Support for the ATmega4809 is absolutely woeful anywhere outside Microchip’s own Microchip Studio toolchain. Debuggers don’t support it, simulators won’t simulate it, basically all the tooling you might expect to work if you’ve programmed any of the more common AVR chips will be busted.

This is a real shame. The ‘4809 is a really nice chip, capable, lots of flash storage, and in a nice form factor for hobbyists - especially when packaged up as the Arduino Nano Every. It feels like Microchip really don’t want anyone to develop for it, though…

One of the biggest problems is finding any working toolchain for debugging. I’m on holiday at the moment, so I’m just going to cut to the chase - I’ve found this set of tools to work, maybe you will too.

A Working Debugger Interface

Long story short: Bloom! Bloom is a relatively new open-source project from Nav - and, it actually works with the ‘4809!:

The Bloom insight window during an ATmega4809 debug session

Bloom exposes a GDB remote target, so once it is up and running with your hardware in-circuit emulator/debugging host, you can connect GDB up as with any other remote host:

A GDB debug session (in CLion) connected to Bloom

The Hardware

The hardware which I am using, and which works well with Bloom, is Microchip’s own Atmel-ICE, a relatively inexpensive piece of kit that you can use to hook up to any ATmega device with a JTAG, debugWire, or UPDI interface. Critically, that includes our ATmega4809’s UPDI interface.

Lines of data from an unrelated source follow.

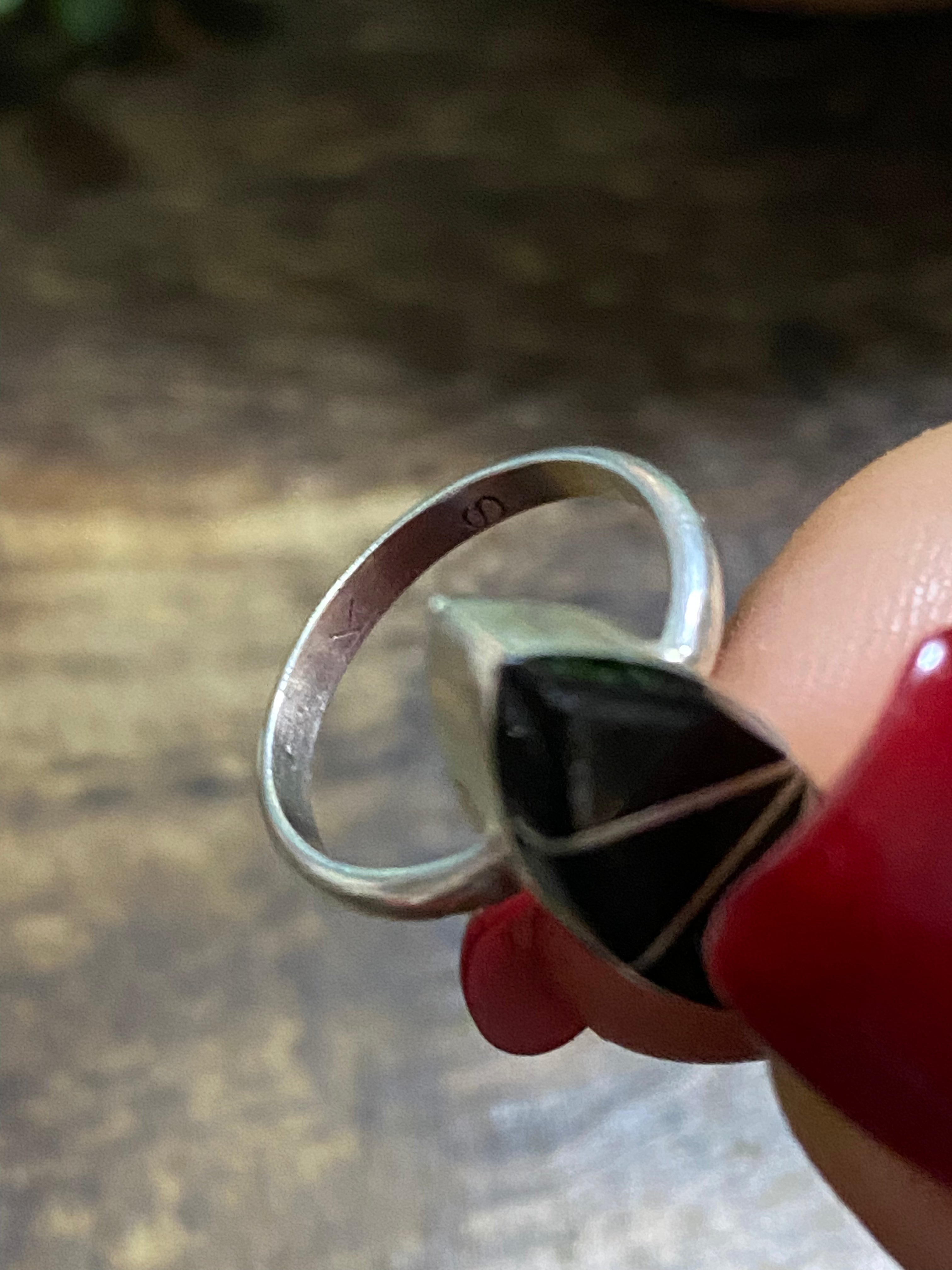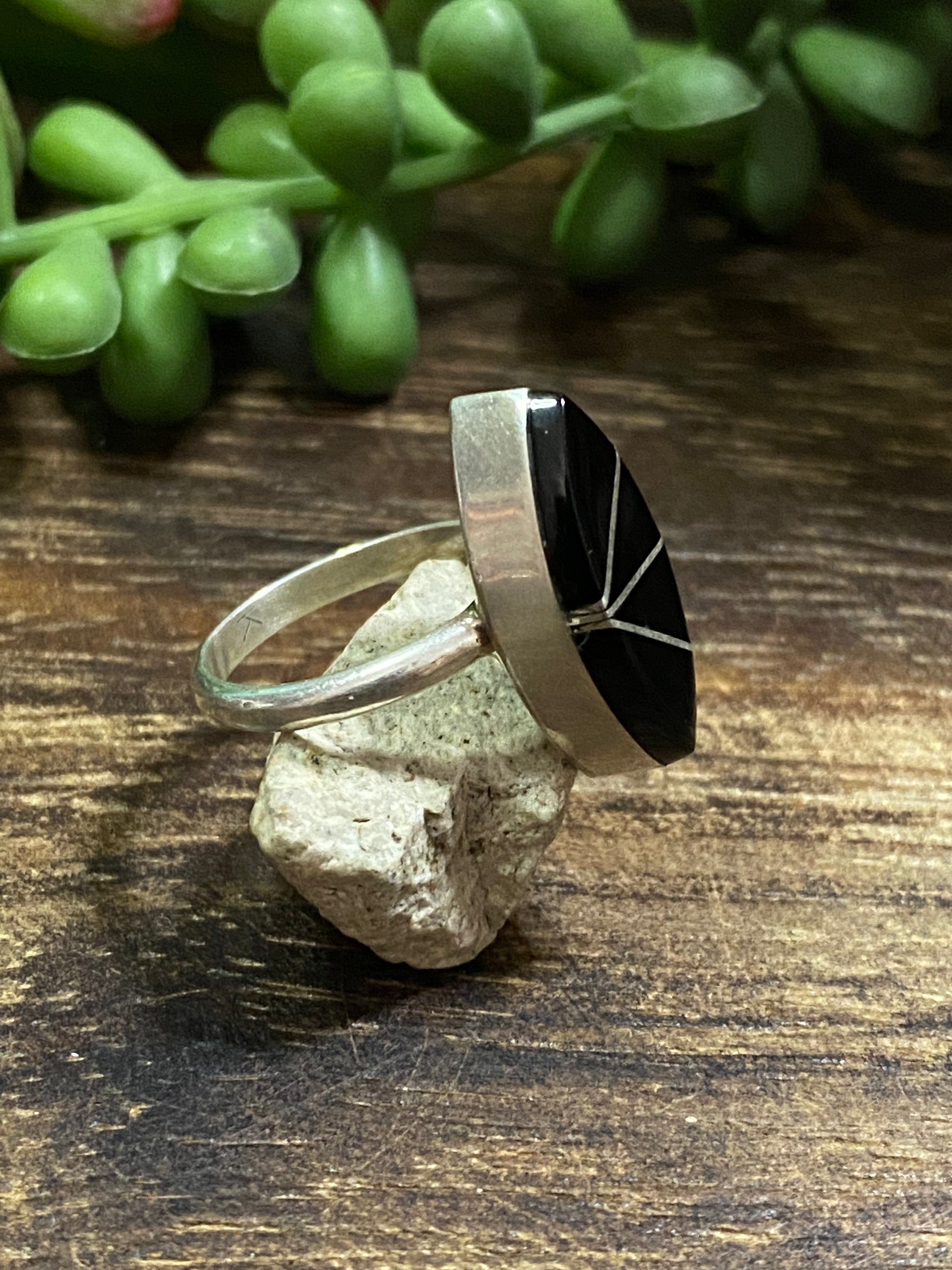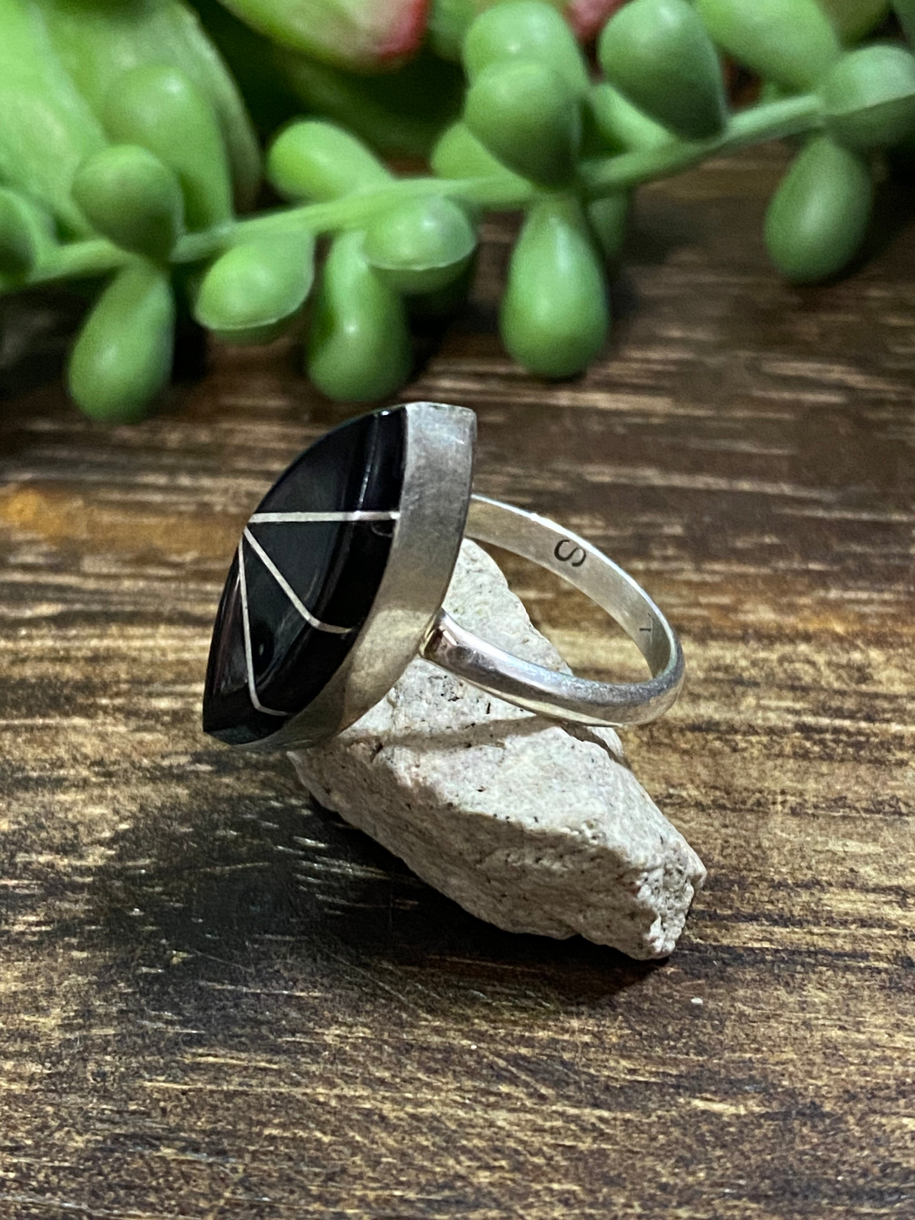 Navajo Made Onyx & Sterling Silver Inlay Ring Size 4.75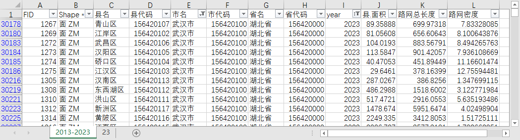 [绿圆]FID、Shape *、县名、县代码、市名、市代码、省名、省代码、年份、县.面积、路网总长度、路网密度。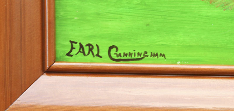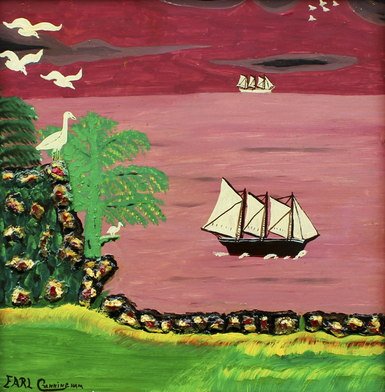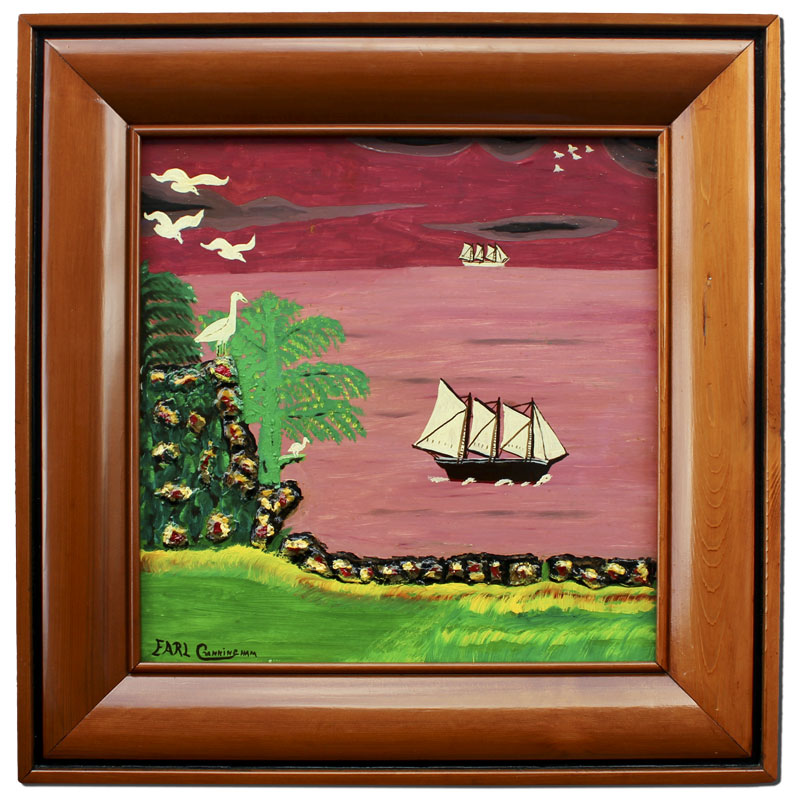 CUNNINGHAM, Earl, (American, 1893-1977): ''Black Schooner At Full Speed'', Oil/Board, 15'' X 16'', signed lower left, custom wood frame, 22 1/2'' x 22'', exhibited in the office of Commissioner Betty Castor. From the Mennello Collection.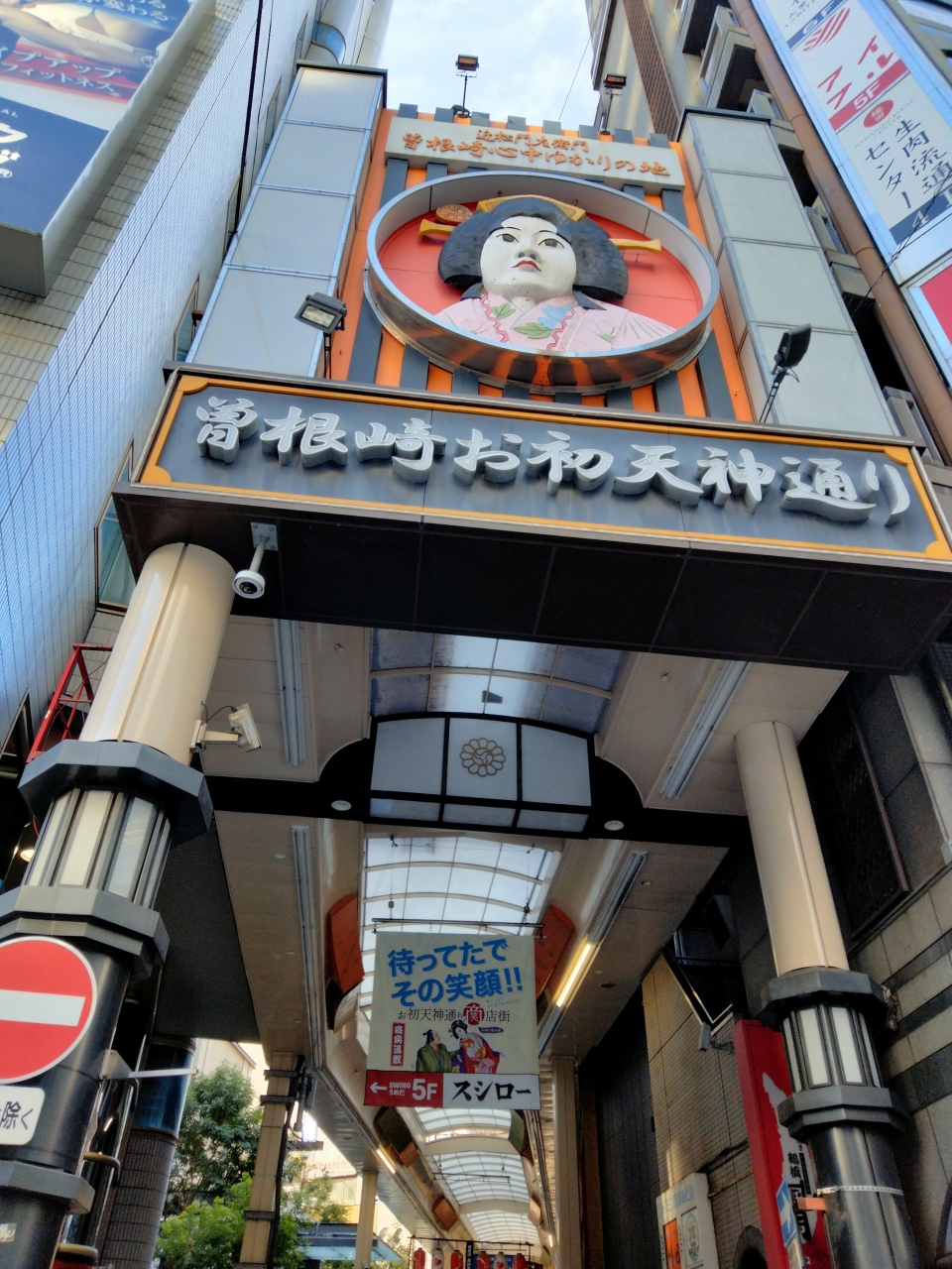 阪急うめだ本店近くからお初天神まで、300m程続くアーケード商店街です

You should be able to hook the Atmel-ICE up to any hardware board that exposes the UPDI pin of the ‘4809. Unfortunately, that does not include the Arduino Nano Every (because why would life be that simple?) Actually, in theory you can get to it via the pogo pads on the bottom of the board, but I’ve not actually tried that yet… Rather, I’m using the Microchip ATmega4809 Xplained Pro evaluation board, which helpfully exposes the UPDI port on a header that will plug straight into your Atmel-ICE.

Programming the ATmega4809

Of course, you will need to be able to program your chip. The Atmel-ICE can also be used to do this, although you’ll need the avrdude tool to do so. Fortunately, avrdude is one of those rare tools that can understand the ‘4809 and also its UPDI programming interface - you just need to ensure you specify the part (-p) and programming interface (-c) on the commandline:

avrdude -patmega4809 -catmelice_updi

Update: Which client GDB should I use?

Obviously, you will want to use avr-gdb as the client for your application. The avr-gdb that is shipped with the Atmel toolchain is hopelessly out of date, however - being version 7.8 - and doesn’t work with Bloom. Look for a more recent build of avr-gdb in your operating system’s package manager.

A special note for Mac users

The version of avr-gdb installed using [Homebrew] is 10.1, and on the face of it looks like it should work. And if you install it today, in fact it does work perfectly!

However, at one point the build in Homebrew was broken, the symptoms of which would be an error when you started debugging:

I’m sorry, Dave, I can’t do that. Symbol format `elf32-avr’ unknown.

If you get this error, re-install avr-gdb using:

brew reinstall avr-gdb

Note that when the Homebrew maintainers fixed the formula, they did not update the version number, so a simple brew upgrade will not fix the problem if you have the broken version of the formula installed.

Thanks to Nebel of Arduino Craft Corner for explaining and fixing this issue.